Wednesday, August 29, 2012

Just one of those days...

I had this really inspiring blog post in my head a couple days ago... but not today. Today I just feel so off. Sad. Tired. Bummed. Tired. Misunderstood. Tired. Angry. Tired. Regretful. Tired. Resentful. Tired. I just can't stop crying today. It's just one of those days, I guess. Do you ever have days like that?

I did have a great bit of morning with my dear friends. It's been way too long since we got together. If only I wasn't interrupted every 5 minutes by my DUMB cell phone! I feel like I'm running a small company as of late, trying to sell a house and build another one. Wow, as soon as we close, at least half the phone calls will end, right? I cannot begin to express how tired I am of all the phone calls!!!

I feel so put upon by some people. (Don't worry, it's not you. I KNOW these few people I'm referring to don't read my blog.) I'm not even sure what I mean by that. I just feel like I should have it more together than I do. Three of my kids are back in school and one of them has preschool a few days a week. Do you know how short 2-1/2 hours really are? I spent most of that in the car today, because I'm just so whacked out busy and our life is so chaotic, I kinda forgot that middle school has late start on Wednesdays and I just found out this morning that high school also has late start (when my son arrived over an HOUR early!!) At least no one was late, right? However, the teenage grumblings of what could have been an extra 30 minutes of sleeping in are even more annoying! And NOW I have two! OY!!!  

Dear Mom, I am so sorry for being such a horrible, grumpy, emotional, ungrateful, and disobedient teenager. Please, PLEASE, Take your curse back!!!!!!! Please. Really, you are awesome. I don't think I will survive. (I can hear you laughing even 4 hours away. Stop. It's making me laugh and I don't want to laugh, not yet, I'm not sure if it's funny yet!)

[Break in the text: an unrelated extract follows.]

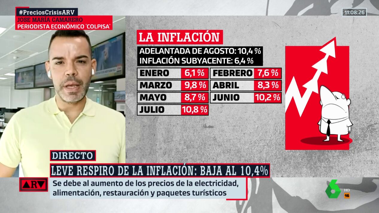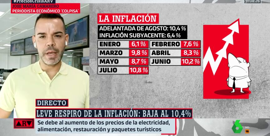 Tras tres meses consecutivos de subidas, esta moderación de los precios ya ha llevado a hablar de un posible techo de la inflación. Aunque no hay que cantar victoria todavía, según ha advertido José María Camarero, periodista especialista en Economía y colaborador de Al Rojo Vivo.

I just feel so lame. So lost. So behind. So uninformed. So inefficient. So incapable. Yet everything and everyone in our house depends on ME. Our entire house runs only because of me. And it doesn't run very well, mind you! 

Last night I just felt so awful. Sick awful. By 5pm, I was so completely exhausted that I literally couldn't move. It didn't go over too well. Everyone was floundering at my feet. Mom's sick??? What do we do? This happens occasionally. I just overdo it. I didn't save enough "spoons" to get through the day. 

I just feel broken today. I'm so glad I have a blog just for this reason. I can type away until my heart's content and no one even has to listen (or read) and I don't have to schedule it around my life (sort of) or feel embarrassed about what I say or worry if I'm imposing on someone else's time. I feel like everything is my fault and there's nothing I can do about it. Bleh. 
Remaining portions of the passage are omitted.